I totally thought the same thing when I saw those at Costco but they were beyond my budget. Yes I have one. Sort of. But the score on the price is well woth the buy.


----------



## imthegoddess (Feb 3, 2012)

scarynoyes said:


> my budget. Yes I have one. Sort of.


I hear you. My shed is filling up, and my husband keeps asking, "what are you going to do with all this stuff?" He hasn't even seen the pot yet!


----------



## scareme (Aug 29, 2006)

Wow, that's such a good idea. And I can't believe the price you picked it up for. With my budget, I'll have to wait until one hits the thrift stores, which should only be a couple of years.


----------



## Pumpkin5 (Aug 8, 2010)

imthegoddess said:


> Bought this at costco for $50+ this weekend. Here is a photo from Amazon's website where it is $98.99. Same exact box and all. Just missed out on this last year. I think it will make the beginning of a great witch cauldron. It even has a hole in the side for power and fog. it's about 20 X 11.
> Amazon.com: Brass Bird Hose Pot, Removable lid with solid brass bird handle, Cooper plated: Patio, Lawn & Garden


:jol:Very NICE FIND! So are you going to make a Cauldron Creep (or Creepette) to go with this great Witch Pot?  It is a perfect design for the fog and the electrical to go through...


----------



## imthegoddess (Feb 3, 2012)

Pumpkin5 said:


> :jol:Very NICE FIND! So are you going to make a Cauldron Creep (or Creepette) to go with this great Witch Pot?  It is a perfect design for the fog and the electrical to go through...

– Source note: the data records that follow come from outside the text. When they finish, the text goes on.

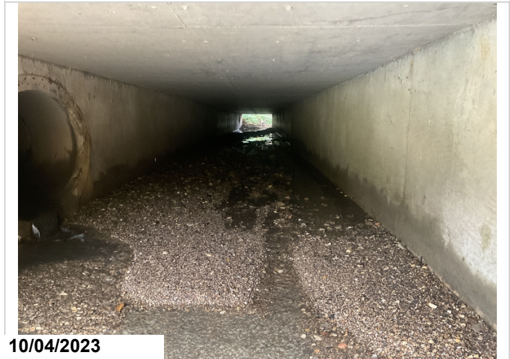
Barrel # 1 typical.
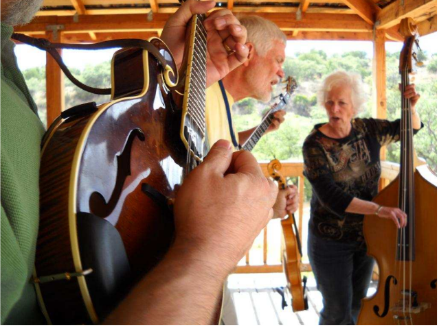
The Desert Bluegrass musicians were a big hit for the volunteers and guests. They provided period background music for much of the day.
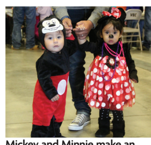
Mickey and Minnie make an appearance at the Pumpkin Festival.

That's what I was planning. I thought the same thing about the holes


----------



## Onewish1 (Aug 4, 2012)

way smaller than the one you posted.. but still neat
http://www.mileskimball.com/mileskimball/displayitem.aspx?tid=_mileskimball&id=345028&icmp=search


----------



## imthegoddess (Feb 3, 2012)

Onewish1 said:


> way smaller than the one you posted.. but still neat
> http://www.mileskimball.com/mileskimball/displayitem.aspx?tid=_mileskimball&id=345028&icmp=search


That would still be cool in a witch scene.


----------



## Bethene (Jan 19, 2008)

that is going to make such a cool cauldron,, I have a plastic black one,, not nearly so cool!!!!


----------



## tomas21 (Aug 6, 2013)

imthegoddess said:


> Bought this at costco for $50+ this weekend. Here is a photo from Amazon's website where it is $98.99. Same exact box and all. Just missed out on this last year. I think it will make the beginning of a great witch cauldron. It even has a hole in the side for power and fog. it's about 20 X 11.
> Amazon.com: Brass Bird Hose Pot, Removable lid with solid brass bird handle, Cooper plated: Patio, Lawn & Garden


Do you recall the item number at Costco for this unit?


----------